▶ What is expected
Transcribe the entries below exactly, starting with the line that has "Wrap your baby" and stopping after the line that has "Signatur: Joh. Ge"; no pictures belong in the copy.

▶ Records for this task

|---|

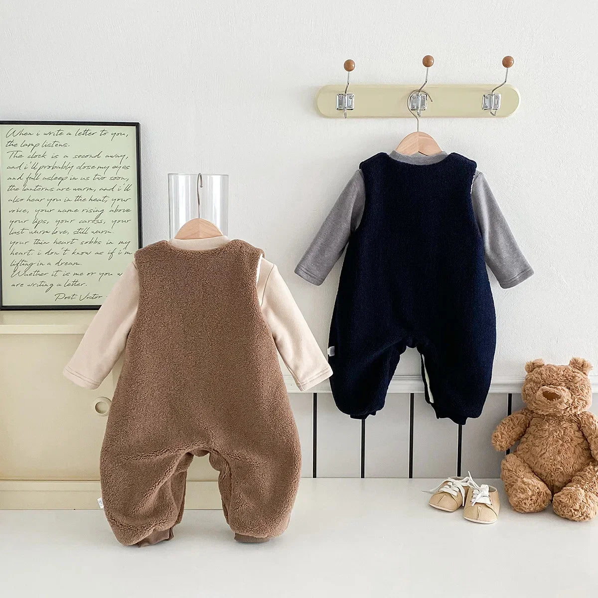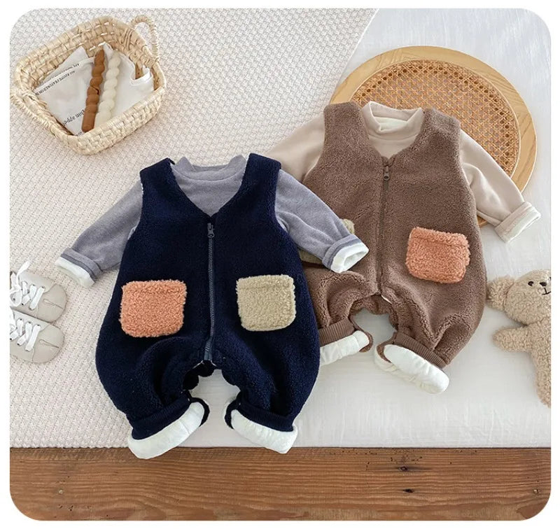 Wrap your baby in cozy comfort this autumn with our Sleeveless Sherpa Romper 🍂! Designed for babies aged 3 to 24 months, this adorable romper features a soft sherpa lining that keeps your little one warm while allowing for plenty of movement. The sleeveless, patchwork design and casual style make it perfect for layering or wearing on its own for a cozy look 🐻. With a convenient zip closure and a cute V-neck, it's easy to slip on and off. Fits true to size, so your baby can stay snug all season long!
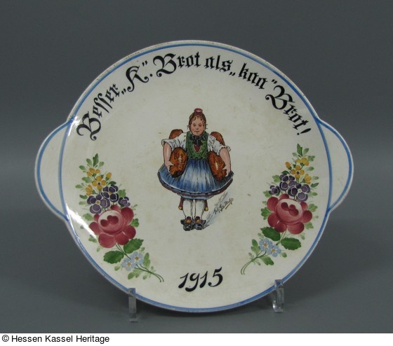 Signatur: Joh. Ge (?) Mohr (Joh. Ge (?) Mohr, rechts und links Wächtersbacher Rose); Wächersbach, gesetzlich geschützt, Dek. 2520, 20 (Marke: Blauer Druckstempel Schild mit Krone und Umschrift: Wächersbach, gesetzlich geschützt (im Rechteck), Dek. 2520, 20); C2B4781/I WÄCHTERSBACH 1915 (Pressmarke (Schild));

|---|

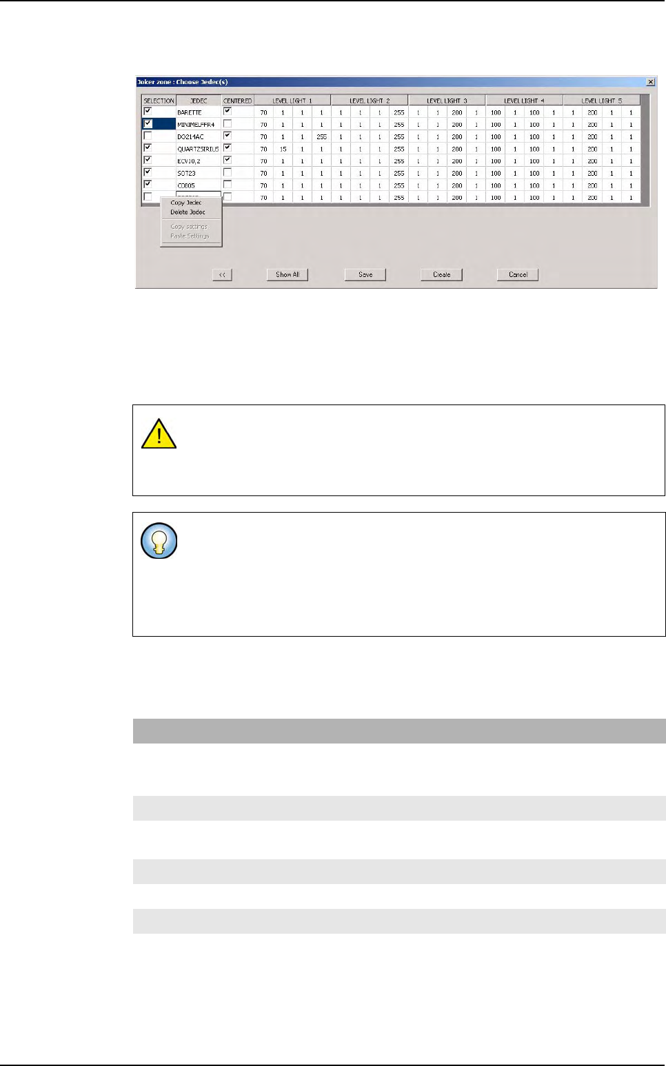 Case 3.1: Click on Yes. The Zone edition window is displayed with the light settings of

|---|

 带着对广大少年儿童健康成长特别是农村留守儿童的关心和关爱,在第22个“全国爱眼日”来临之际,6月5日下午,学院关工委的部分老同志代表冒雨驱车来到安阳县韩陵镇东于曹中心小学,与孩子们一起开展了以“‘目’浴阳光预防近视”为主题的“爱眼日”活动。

|---|

▶ Output of the exercise
 Wrap your baby in cozy comfort this autumn with our Sleeveless Sherpa Romper 🍂! Designed for babies aged 3 to 24 months, this adorable romper features a soft sherpa lining that keeps your little one warm while allowing for plenty of movement. The sleeveless, patchwork design and casual style make it perfect for layering or wearing on its own for a cozy look 🐻. With a convenient zip closure and a cute V-neck, it's easy to slip on and off. Fits true to size, so your baby can stay snug all season long!
 Signatur: Joh. Ge (?) Mohr (Joh. Ge (?) Mohr, rechts und links Wächtersbacher Rose); Wächersbach, gesetzlich geschützt, Dek. 2520, 20 (Marke: Blauer Druckstempel Schild mit Krone und Umschrift: Wächersbach, gesetzlich geschützt (im Rechteck), Dek. 2520, 20); C2B4781/I WÄCHTERSBACH 1915 (Pressmarke (Schild));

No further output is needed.